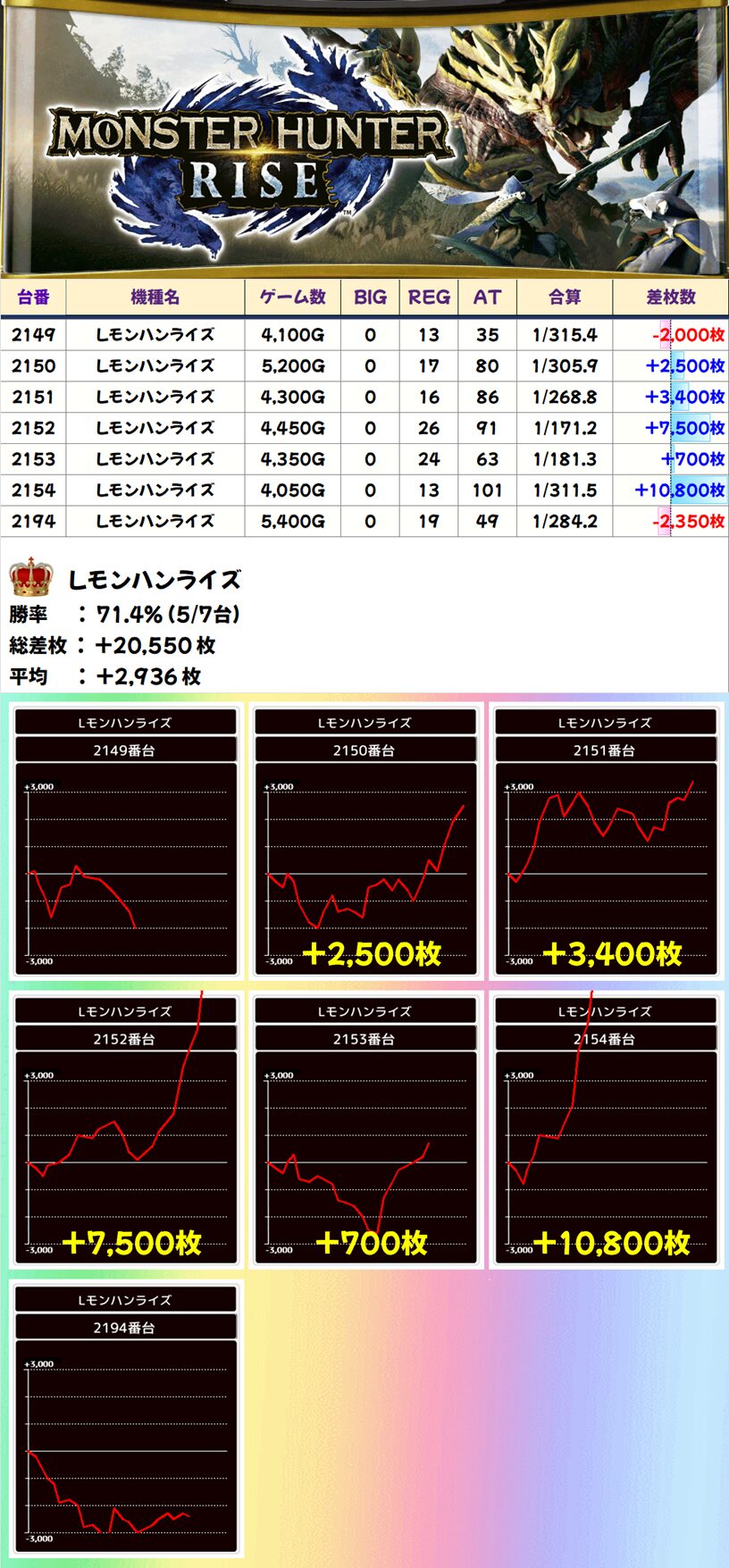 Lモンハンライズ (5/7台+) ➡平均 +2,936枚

---

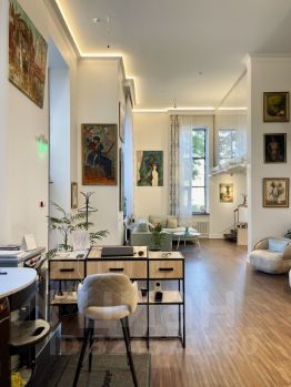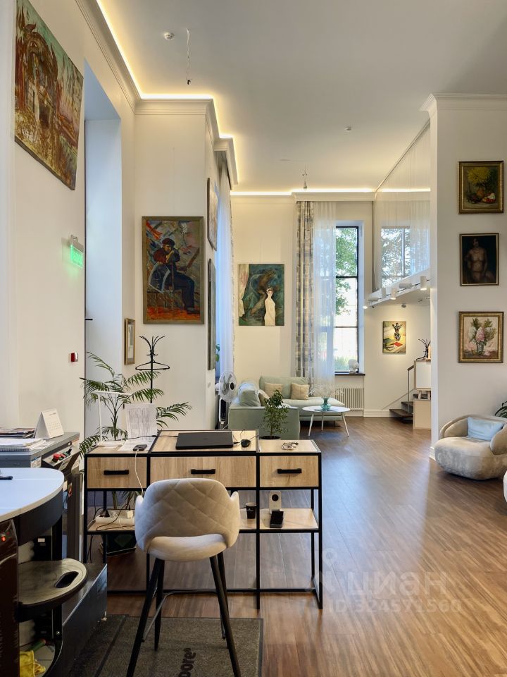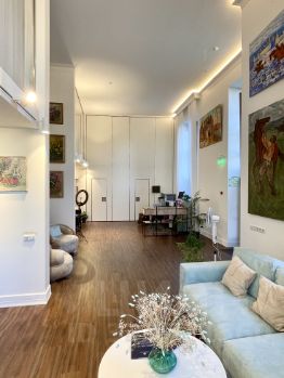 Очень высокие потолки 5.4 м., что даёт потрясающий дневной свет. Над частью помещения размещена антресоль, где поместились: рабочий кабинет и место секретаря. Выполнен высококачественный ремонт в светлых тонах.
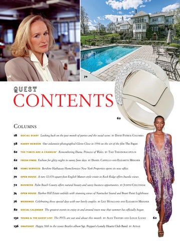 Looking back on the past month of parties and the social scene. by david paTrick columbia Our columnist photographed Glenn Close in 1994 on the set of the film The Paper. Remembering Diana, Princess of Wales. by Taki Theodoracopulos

** What the exercise asks **
Transcribe only this stretch of the data: the line with "Очень высокие потолки", the line with "Looking back on", and every line in between. Leave out the pictures.

** Answer to this task **
 Очень высокие потолки 5.4 м., что даёт потрясающий дневной свет. Над частью помещения размещена антресоль, где поместились: рабочий кабинет и место секретаря. Выполнен высококачественный ремонт в светлых тонах.
 Looking back on the past month of parties and the social scene. by david paTrick columbia Our columnist photographed Glenn Close in 1994 on the set of the film The Paper. Remembering Diana, Princess of Wales. by Taki Theodoracopulos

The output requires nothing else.